## WHAT THIS TASK INVOLVES
Return the listing below exactly as it stands. Pictures stay out.

## SOURCE MATERIAL
· · · · ·

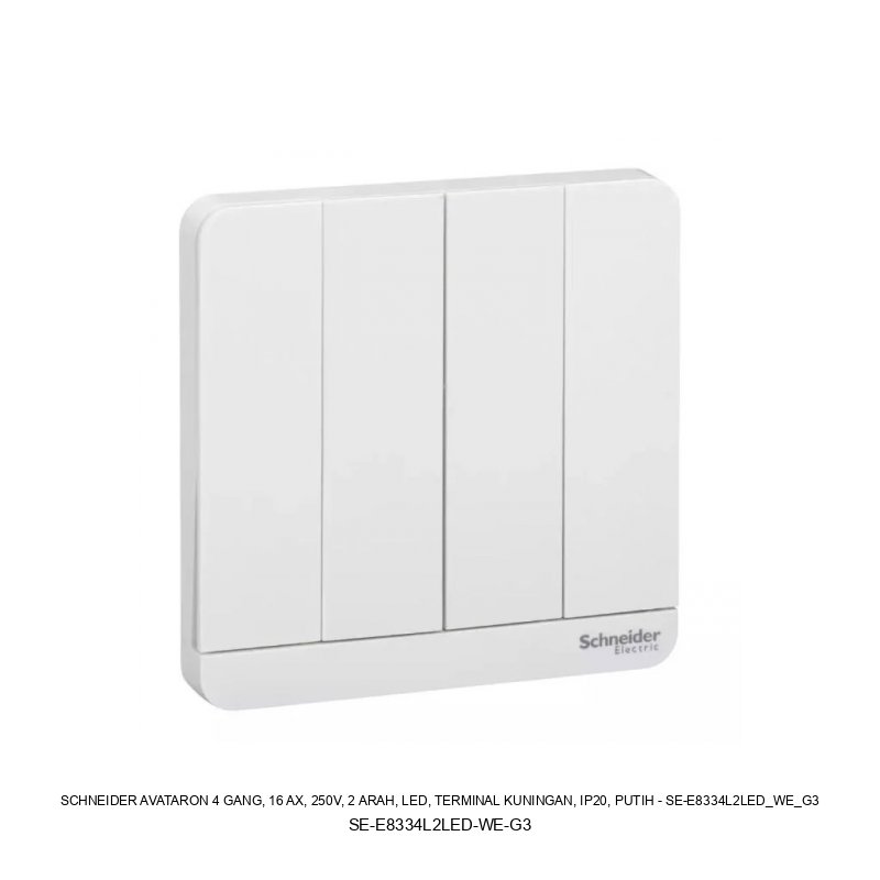 AvatarOn 4 gang, 16 AX, 250V, 2 arah, LED, terminal kuningan, IP20, putih
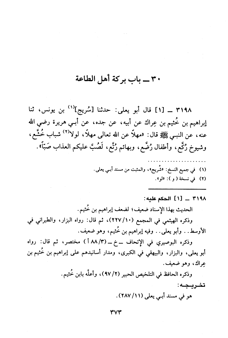 3198 -[1] قَالَ أَبُو يَعْلَى: حدثنا [سُرَيْجُ] بْنُ يُونُسَ، ثنا إِبْرَاهِيمُ بْنُ خُثَيْمِ بْنِ عِرَاكٍ عَنْ أَبِيهِ، عَنْ جَدِّهِ، عَنْ أَبِي هُرَيْرَةَ رَضِيَ الله عَنْه، عن النبي صَلَّى اللَّهُ عَلَيْهِ وَسَلَّمَ قال: " مَهْلًا عن الله تعالى مَهْلًا، §لَوْلَا شَبَابٌ خُشَّعٌ، وَشُيُوخٌ رُكَّعٌ، وَأَطْفَالٌ رُضَّعٌ، وَبَهَائِمُ رُتَّعٌ، لَصُبَّ عَلَيْكُمُ الْعَذَابُ صَبًّا -[376]- ".
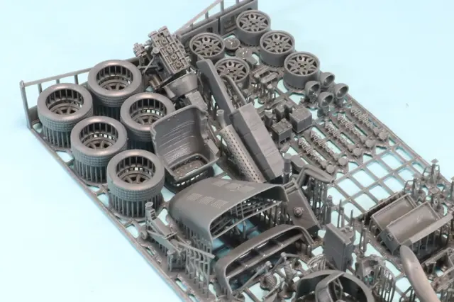 ロータス7譲りのオープン2シーター、フロントエンジン後輪駆動のスーパースポーツを再現。BDRバージョンはベルト駆動16バルブのコスワースBDRユニット(1.6〜1.7Lで最高170馬力)を搭載した軽量モデルで、チューブラーフレームやアルミボディのディテールまで精密に造形。。

· · · · ·

## EXERCISE RESPONSE
 AvatarOn 4 gang, 16 AX, 250V, 2 arah, LED, terminal kuningan, IP20, putih
 3198 -[1] قَالَ أَبُو يَعْلَى: حدثنا [سُرَيْجُ] بْنُ يُونُسَ، ثنا إِبْرَاهِيمُ بْنُ خُثَيْمِ بْنِ عِرَاكٍ عَنْ أَبِيهِ، عَنْ جَدِّهِ، عَنْ أَبِي هُرَيْرَةَ رَضِيَ الله عَنْه، عن النبي صَلَّى اللَّهُ عَلَيْهِ وَسَلَّمَ قال: " مَهْلًا عن الله تعالى مَهْلًا، §لَوْلَا شَبَابٌ خُشَّعٌ، وَشُيُوخٌ رُكَّعٌ، وَأَطْفَالٌ رُضَّعٌ، وَبَهَائِمُ رُتَّعٌ، لَصُبَّ عَلَيْكُمُ الْعَذَابُ صَبًّا -[376]- ".
 ロータス7譲りのオープン2シーター、フロントエンジン後輪駆動のスーパースポーツを再現。BDRバージョンはベルト駆動16バルブのコスワースBDRユニット(1.6〜1.7Lで最高170馬力)を搭載した軽量モデルで、チューブラーフレームやアルミボディのディテールまで精密に造形。。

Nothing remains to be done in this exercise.